When: Deleting code, removing deprecated functionality.

1. /mf-plan docs/specs/<feature>/<feature>.md "remove stories S-XXX"
   → Mode C creates a snapshot (removing stories = Major), then marks as removed.

2. Delete production code + related tests.

3. bash scripts/build-test.sh (run full suite)
   Fix cascading breaks.

4. /mf-commit

5. Commands Reference

/mf-explore — Feature Discovery as Client Technical Lead

Usage:

/mf-explore "cancel order request"
/mf-explore "user notification preferences"

When to use: Requirements are unclear, you're debating between approaches, or you want to clarify a feature deeply before committing to a spec. Runs before /mf-plan.

How it works:

  1. Phase 0: Codebase scan — Silently checks for existing code, related specs, and existing explore docs before asking anything.
  2. Phase 1: Why, not what — Asks what problem requires this feature, who faces it, and how they handle it today. Prevents building the wrong thing.
  3. Phase 2: Desired behavior — Walks through the flow step by step, identifies trigger and final result, checks for multi-role approval chains.
  4. Phase 2.5: UI/UX expectation — Clarifies interface type (table, form, wizard, dashboard). Offers sensible defaults when the client is unsure. Suggests simpler approaches when expectations are complex.
  5. Phase 3: Boundaries — Impact on existing screens, data changes, migration needs, out of scope, permissions.
  6. Phase 3.5: Scope optimization — Identifies what can ship fast vs what can defer to phase 2.
  7. Phase 4: Business rules & validation — Conditions, formulas (with real numbers), input validation, notifications, time constraints, concurrency.
  8. Phase 5: Edge cases — Empty states, error messages, double submit, network loss, limits, sensitive data, domain-specific cases (payment double-charge, booking overbooking, etc.).
  9. Phase 6: Scenario confirmation — Presents concrete happy path + unhappy paths with fake data. Confirms with user before proceeding.
  10. Phase 7: Handoff summary — Compiles everything into a structured doc, confirms with user, writes to docs/explore/<feature>.md.

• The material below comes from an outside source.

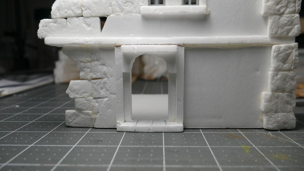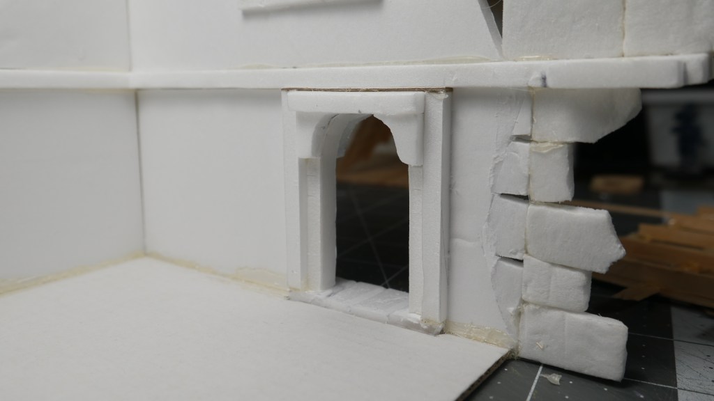 The challenge today was the recreating the arched doorway using basically the formboard and hot glue. I was able to use a lot of my off-cuts of foamboard. I created the arch by using a carpentry technique – you cut multiple slips where you want to the material to bend. Then slow bend the material allowing your cuts to separate from one side only. As long as you don’t cut through only one side the foamboard, the paper on the other side should be intact and able to make the arch. Or, I could have just cut a whole mess of smaller “bricks/stones” and created the arch one stone at a time. Meh. Maybe next time. And, no, I don’t own a 3D printer. The cost (machine, consumables, operating expense, knowledge curve) to me is not justifiable for my budget of “free.99”. Also, I am debating whether to add a door to the archway similar to my partially open doors on the first build series. What do you think?

Output: docs/explore/<feature>.md — auto-detected by /mf-plan, which skips redundant discovery and maps explore findings directly to spec sections.

Token cost: 10–20k


/mf-plan — Generate Spec with Acceptance Scenarios

Usage:

/mf-plan "user authentication with OAuth2"                          # Mode A: new spec from description
/mf-plan docs/specs/auth/auth.md                                    # Mode B: add scenarios to existing spec
/mf-plan docs/specs/auth/auth.md "add password reset flow"          # Mode C: update existing spec

Modes:

  • Mode A — Creates a new spec with stories and acceptance scenarios from your description.
  • Mode B — Reads an existing spec that has no acceptance scenarios yet, adds them.
  • Mode C — Updates an existing spec: creates a snapshot before Major changes, shows a change report, waits for confirmation, then applies.

How it works:

  1. Phase 0: Codebase Awareness — Scans existing code, docs/specs/, and project patterns before planning. Prevents specs that conflict with existing implementations.
  2. Phase 1: Scope & Split + Scope Challenge — Evaluates feature size (>7 stories or >20 AS → must split). When a feature is large, applies Sizing & Phasing: Phase 1 (minimum viable — smallest slice with value), Phase 2 (core experience — happy path), Phase 3 (edge cases, polish), Phase 4 (optimization, monitoring) — each phase mergeable independently. Also runs a Scope Challenge before drafting: checks for existing code that already solves sub-problems (reuse vs rebuild), flags complexity smells (8+ files or 2+ new classes/services), searches for framework built-ins, checks for distribution needs (new artifact → CI/CD in scope?), and applies the Completeness Principle (complete version costs only CC: ≤15m more → recommend it directly).
  3. Phase 2: Draft Spec — Generates a structured spec with stories and acceptance scenarios (Given/When/Then). Depth scales by priority: P0 gets full GWT + test data, P1 gets GWT, P2 gets 1-2 line descriptions. Runs consistency checks (CC1-CC6) before showing draft.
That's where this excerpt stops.